- _Task objective_: Stop at the line containing "서울시버스운송사업조합 홈페이지 ‘칭찬합시다’": repeat exactly every line of the entries below from the first up to it, plus that line, with pictures omitted.

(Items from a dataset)
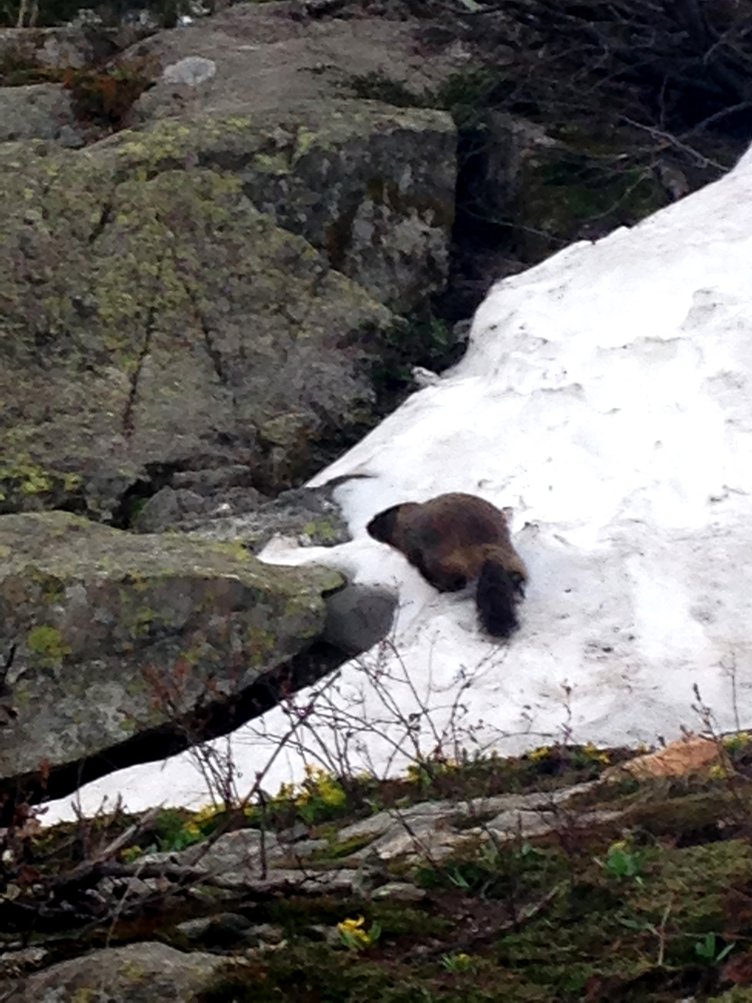 Then we hiked around the lake back to the visitor’s center. The trail was still a bit snowy, but we managed. The weather itself was fine, although we did get some rain. Along the way we also saw some wildlife. Small, non-bear, wildlife. Which is how I like my wildlife.
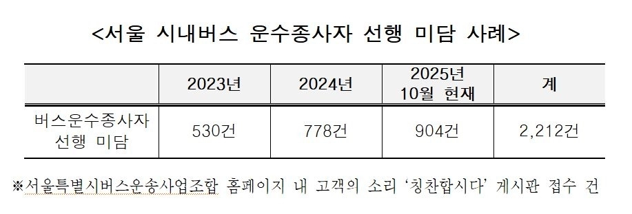 서울시버스운송사업조합 홈페이지 ‘칭찬합시다’ 게시판을 통해 승객과 시민들이 직접 올린 선행사례를 보면 ▲2023년 530건 ▲2024년 778건 ▲2025년(10월 기준) 904건으로, 최근 3년간 총 2212건에 달한다. 이는 시민의 안전과 불편 해소를 위해 묵묵히 헌신하는 버스운수종사자들의 노력이 점차 사회적 공감을 얻고 있음을 보여준다.
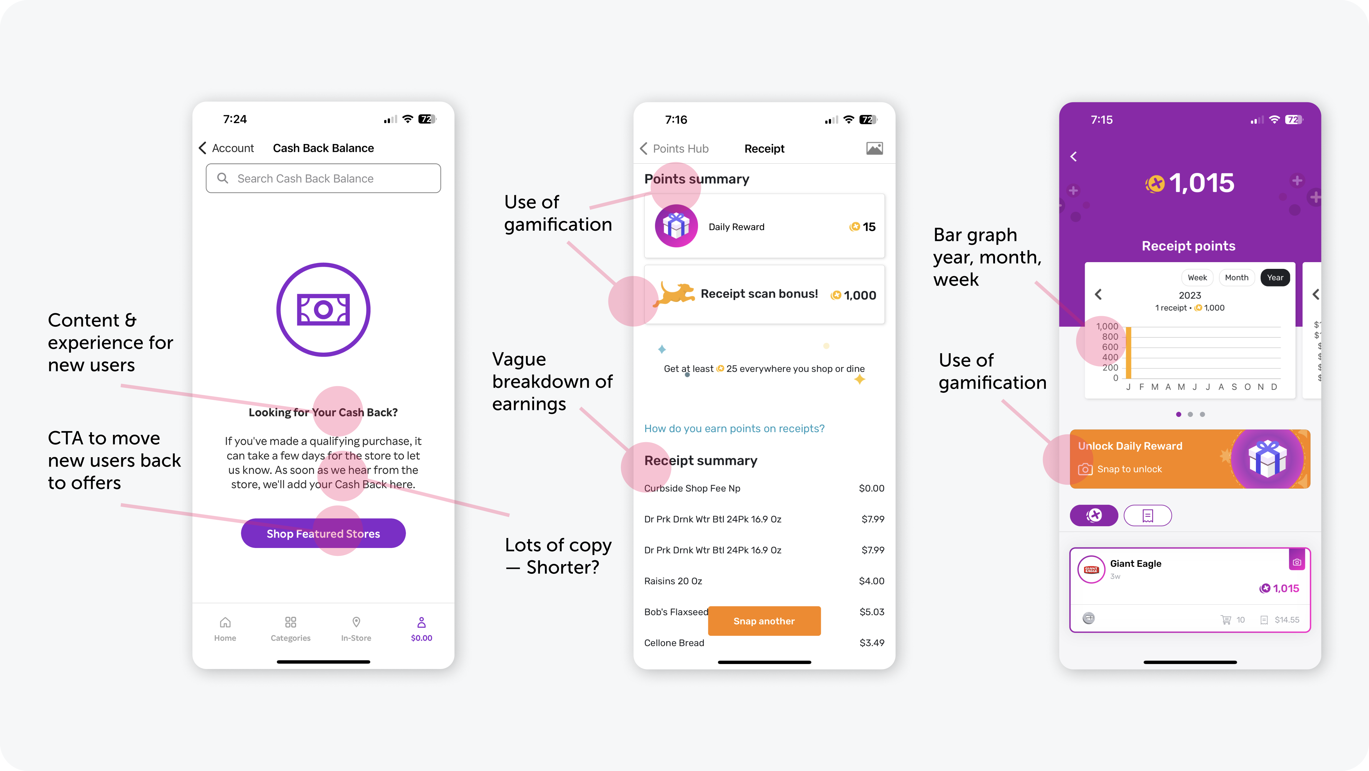 Insights revealed contrasting approaches: Fetch delivered gamified experiences but often lacked clear earnings visibility, while Capital One emphasized robust data presentation.
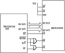 另外,由于FLASH存储器与EPROM相比有更高的性价比,而且体积小,功耗低,可电擦写,使用较方便。因此,本系统也扩展了一片FLASH存储器,图2为DSP与FLASH的接口电路。FLASH芯片为AMD公司的AM29LV400B,该芯片为单电源供电,支持整片擦除,每个分区有保护,避免意外擦除,并且使用寿命很长。
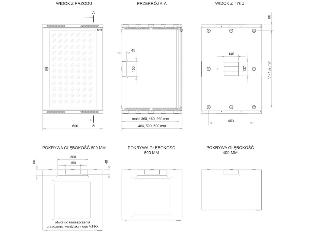 Hloubka: 400, 500, 600 mm

- _Reply to the task_:
 Then we hiked around the lake back to the visitor’s center. The trail was still a bit snowy, but we managed. The weather itself was fine, although we did get some rain. Along the way we also saw some wildlife. Small, non-bear, wildlife. Which is how I like my wildlife.
 서울시버스운송사업조합 홈페이지 ‘칭찬합시다’ 게시판을 통해 승객과 시민들이 직접 올린 선행사례를 보면 ▲2023년 530건 ▲2024년 778건 ▲2025년(10월 기준) 904건으로, 최근 3년간 총 2212건에 달한다. 이는 시민의 안전과 불편 해소를 위해 묵묵히 헌신하는 버스운수종사자들의 노력이 점차 사회적 공감을 얻고 있음을 보여준다.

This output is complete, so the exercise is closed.